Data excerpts
BEGIN

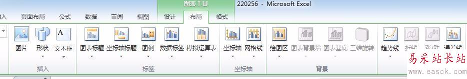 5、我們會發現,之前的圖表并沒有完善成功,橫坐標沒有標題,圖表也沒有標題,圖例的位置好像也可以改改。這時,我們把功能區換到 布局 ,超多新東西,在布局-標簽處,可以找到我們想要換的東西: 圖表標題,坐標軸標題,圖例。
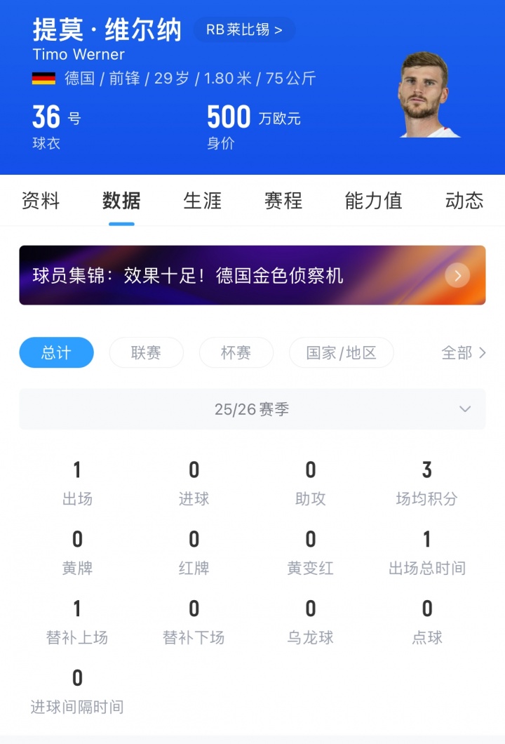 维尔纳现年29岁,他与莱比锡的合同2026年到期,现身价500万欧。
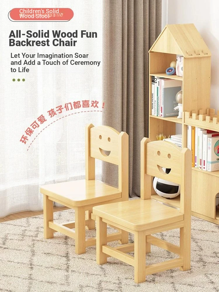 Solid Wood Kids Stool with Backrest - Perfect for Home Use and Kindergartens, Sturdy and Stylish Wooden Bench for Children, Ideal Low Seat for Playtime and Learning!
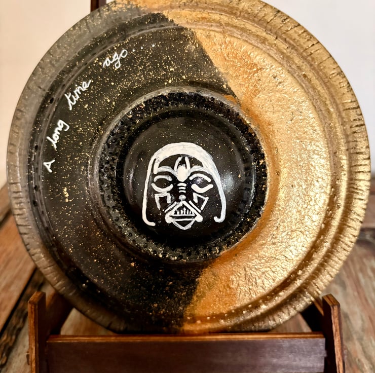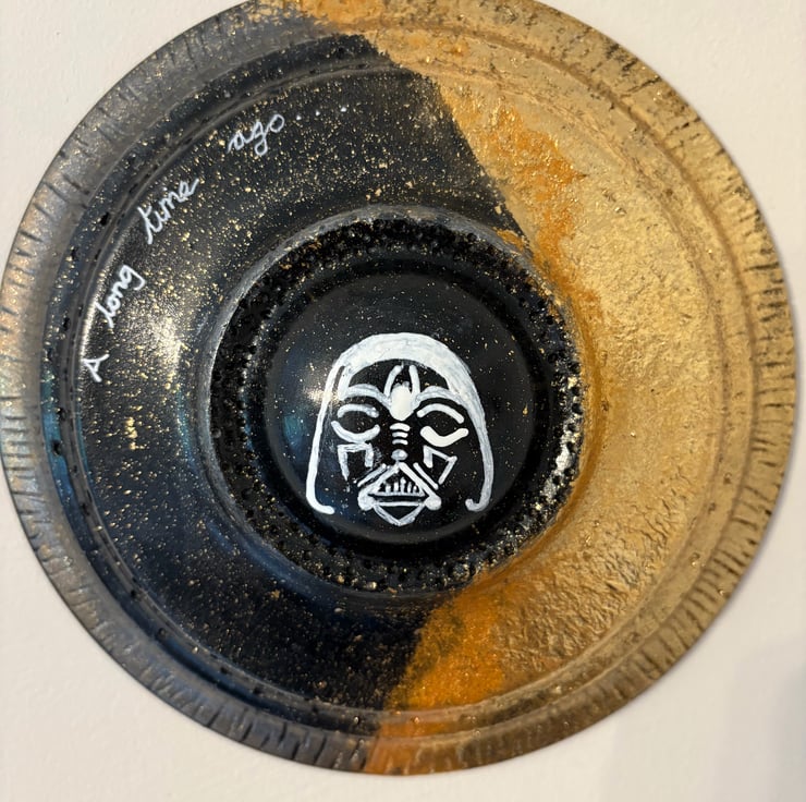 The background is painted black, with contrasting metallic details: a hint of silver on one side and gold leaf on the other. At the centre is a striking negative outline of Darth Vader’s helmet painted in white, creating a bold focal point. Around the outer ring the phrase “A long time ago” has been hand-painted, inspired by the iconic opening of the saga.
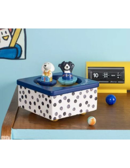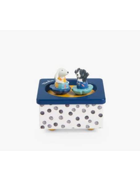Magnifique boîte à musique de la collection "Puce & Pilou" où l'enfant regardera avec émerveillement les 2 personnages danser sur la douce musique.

END

◆ **WHAT THE EXERCISE ASKS**:
The lines from the one containing "维尔纳现年29岁,他与莱比锡的合同2026年到期,现身价500万欧。" through the last line above are to be repeated exactly, and only those. Any pictures must be left out.

◆ **OUTPUT FOR THIS EXERCISE**:
 维尔纳现年29岁,他与莱比锡的合同2026年到期,现身价500万欧。
 Solid Wood Kids Stool with Backrest - Perfect for Home Use and Kindergartens, Sturdy and Stylish Wooden Bench for Children, Ideal Low Seat for Playtime and Learning!
 The background is painted black, with contrasting metallic details: a hint of silver on one side and gold leaf on the other. At the centre is a striking negative outline of Darth Vader’s helmet painted in white, creating a bold focal point. Around the outer ring the phrase “A long time ago” has been hand-painted, inspired by the iconic opening of the saga.
Magnifique boîte à musique de la collection "Puce & Pilou" où l'enfant regardera avec émerveillement les 2 personnages danser sur la douce musique.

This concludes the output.